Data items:
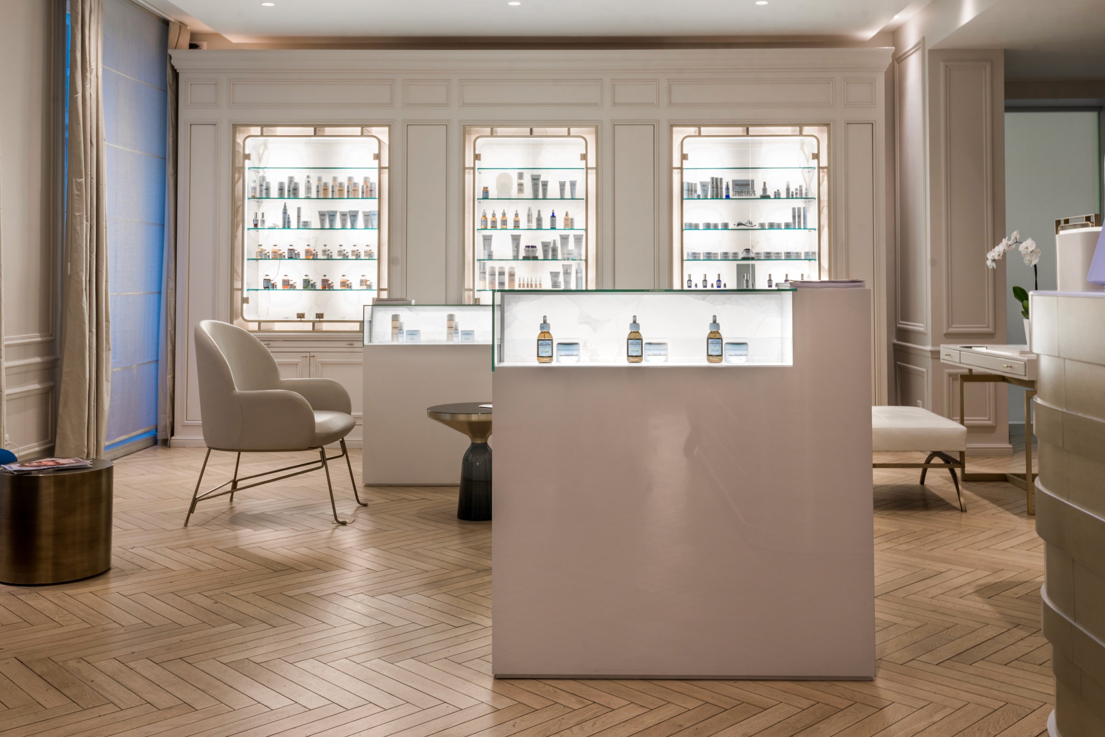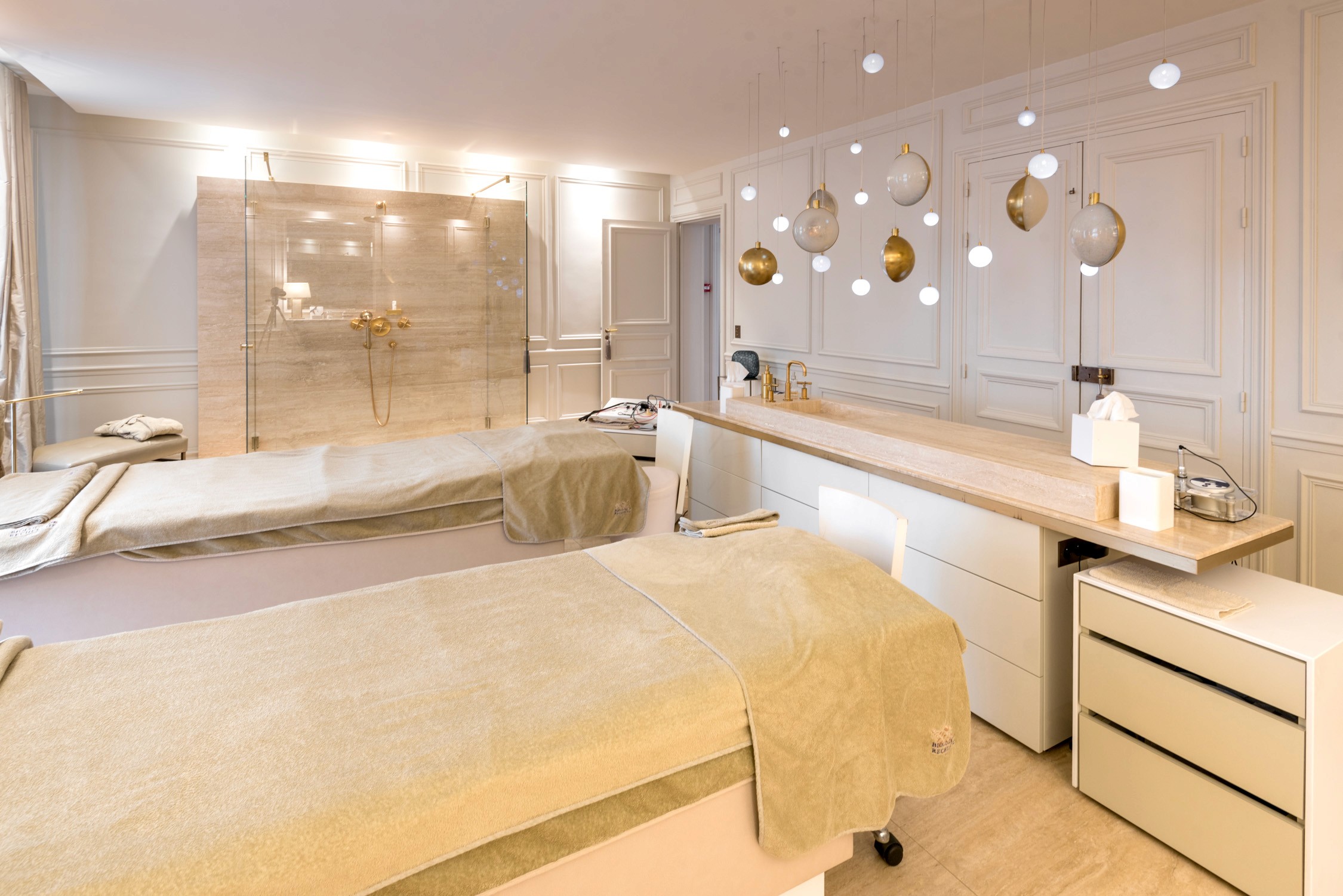 Once inside, you can’t help but be impressed by the decoration. Everywhere you look you encounter wood paneled walls and marble counters. Everything, from the furniture to the lighting, is a calm shade of gold or cream. The Biologique Recherche brand has been around for almost forty years, and they have been carrying out treatments at the Ambassade for the last twenty-three of them.
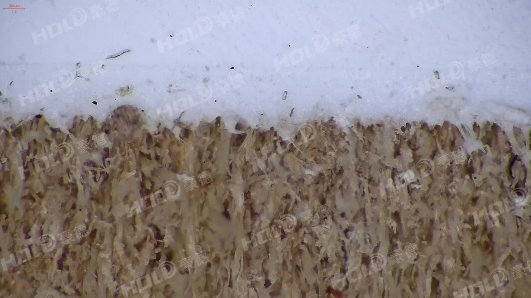 首先,在体视显微镜下,使封边带与板材交界处放大到100微米的情况下,可以明显看出封边带与板材已经完全融合到一体。
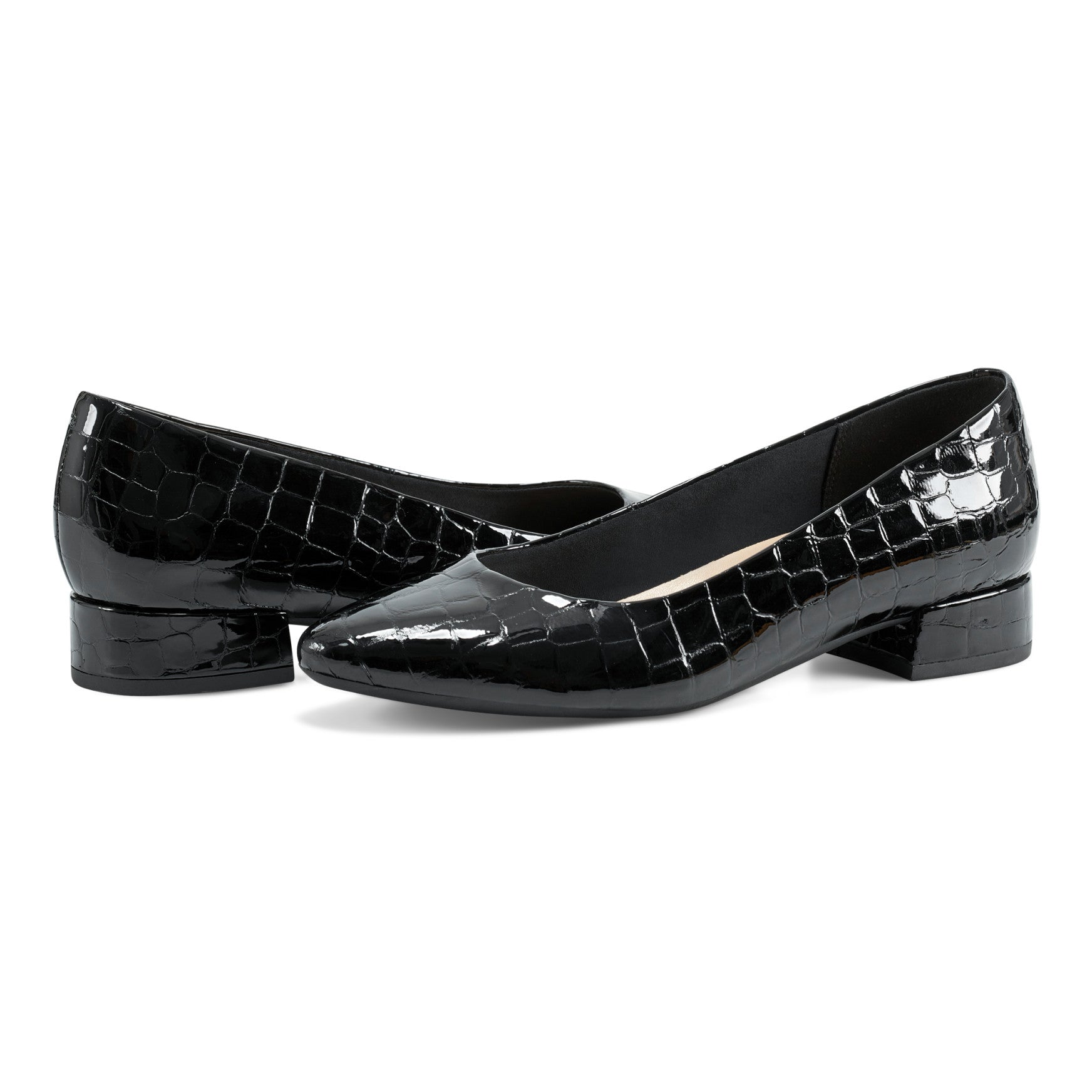When comfort and polish come together, you get a dress pump you'll actually want to wear. eFlex Technology anchors every step in the Caldise, a low-heel dress pump designed with arch support, flexibility, and responsive cushioning built right in. The sleek pointy toe and low block heel give you just enough height to feel polished without the pain, while the slip-on design makes mornings easier. A croc-embossed patent finish adds texture and dimension, and the smooth leather versions bring timeless versatility to your closet.
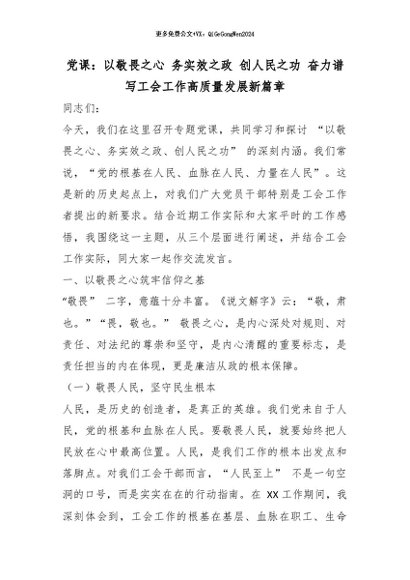 【七哥公文】2026年:党课:以敬畏之心 务实效之政 创人民之功 奋力谱写工会工作高质量发展新篇章+更多免费公文+VX:QiGeGongWen2024
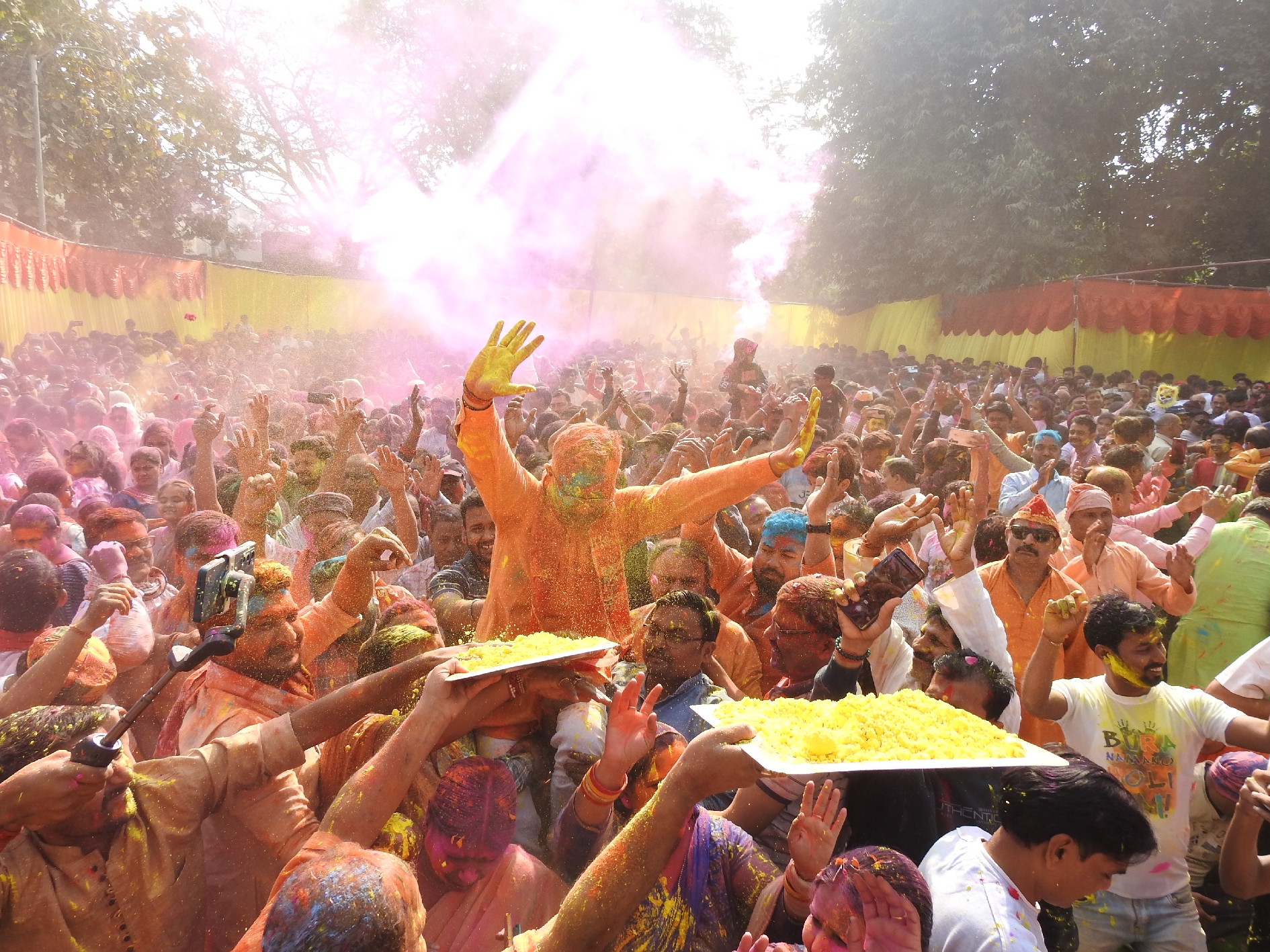यात्रा जिधर से गुजरती, पूर्व से ही रंग की व्यवस्था कर बैठी महिलाएं व बच्चे छत से लोगों के ऊपर रंग फेंकते थे। इस दौरान कोई भी कोरा नहीं बच पाया था। भक्त प्रहलाद का जयघोष गूंज रहा था। यात्रा में भक्त प्रहलाद, मसाने की होली, राधा-कृष्ण, शिव-पार्वती, महाकाल की झांकी आकर्षण का केंद्र रही।
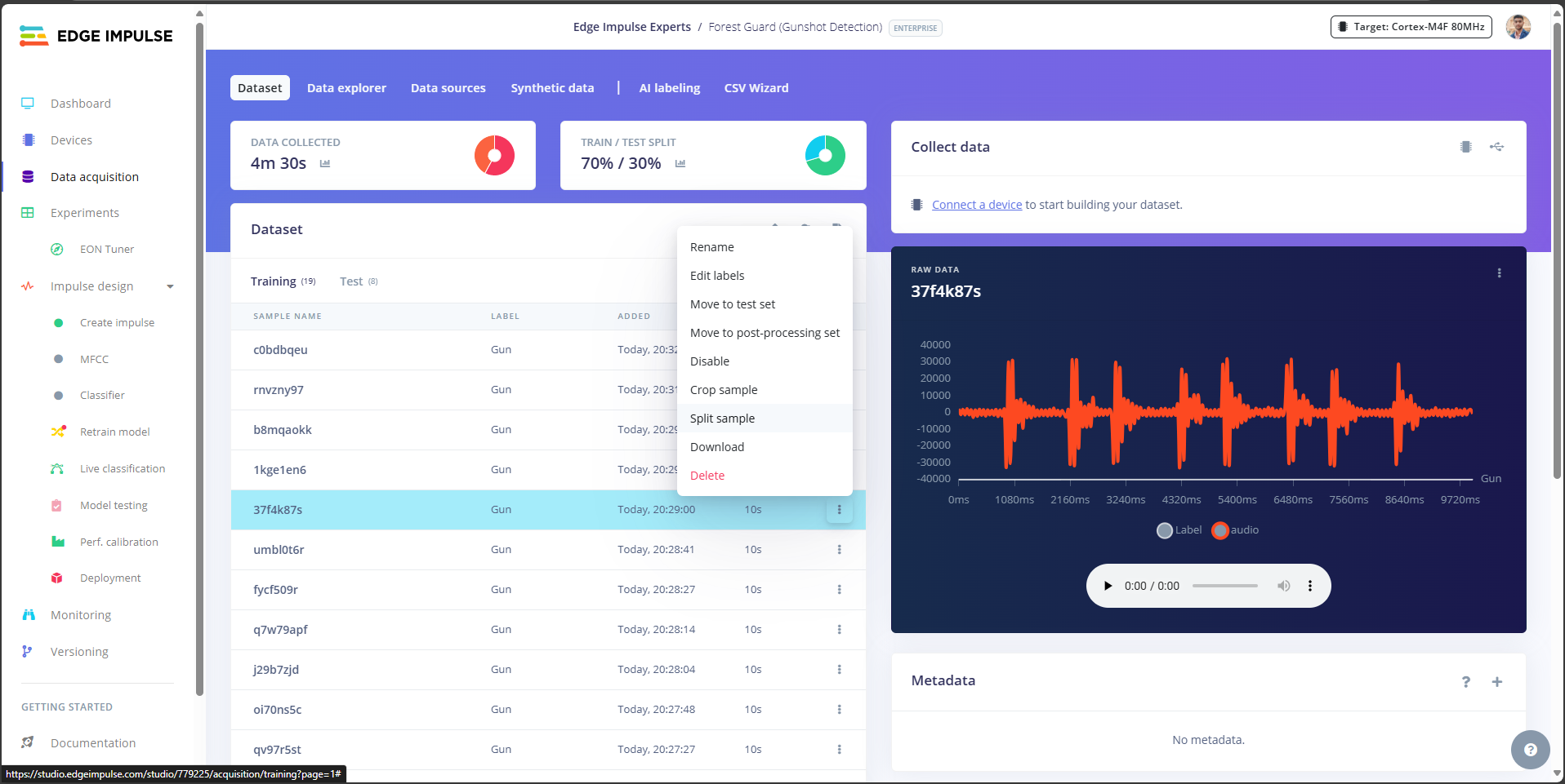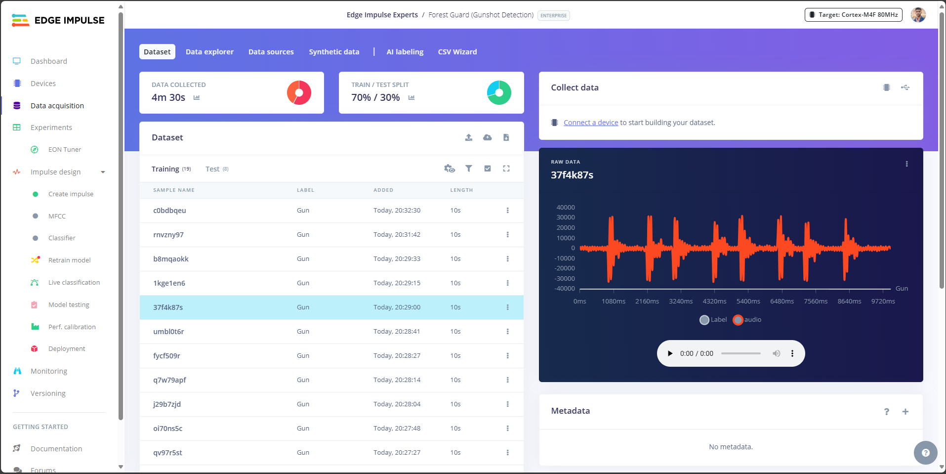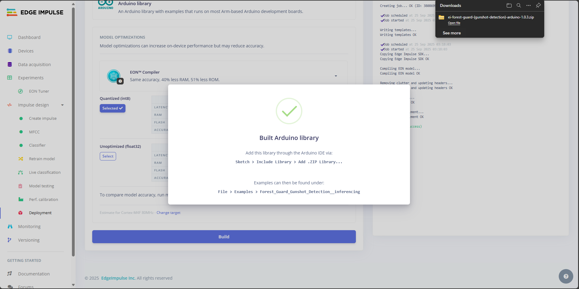- Gunshot: Edge Impulse score crosses threshold (e.g., ≥0.90).

## Exercise details
Retype the data above exactly. Leave the pictures out.

## Task solution
 Once inside, you can’t help but be impressed by the decoration. Everywhere you look you encounter wood paneled walls and marble counters. Everything, from the furniture to the lighting, is a calm shade of gold or cream. The Biologique Recherche brand has been around for almost forty years, and they have been carrying out treatments at the Ambassade for the last twenty-three of them.
 首先,在体视显微镜下,使封边带与板材交界处放大到100微米的情况下,可以明显看出封边带与板材已经完全融合到一体。
When comfort and polish come together, you get a dress pump you'll actually want to wear. eFlex Technology anchors every step in the Caldise, a low-heel dress pump designed with arch support, flexibility, and responsive cushioning built right in. The sleek pointy toe and low block heel give you just enough height to feel polished without the pain, while the slip-on design makes mornings easier. A croc-embossed patent finish adds texture and dimension, and the smooth leather versions bring timeless versatility to your closet.
 【七哥公文】2026年:党课:以敬畏之心 务实效之政 创人民之功 奋力谱写工会工作高质量发展新篇章+更多免费公文+VX:QiGeGongWen2024
यात्रा जिधर से गुजरती, पूर्व से ही रंग की व्यवस्था कर बैठी महिलाएं व बच्चे छत से लोगों के ऊपर रंग फेंकते थे। इस दौरान कोई भी कोरा नहीं बच पाया था। भक्त प्रहलाद का जयघोष गूंज रहा था। यात्रा में भक्त प्रहलाद, मसाने की होली, राधा-कृष्ण, शिव-पार्वती, महाकाल की झांकी आकर्षण का केंद्र रही।
- Gunshot: Edge Impulse score crosses threshold (e.g., ≥0.90).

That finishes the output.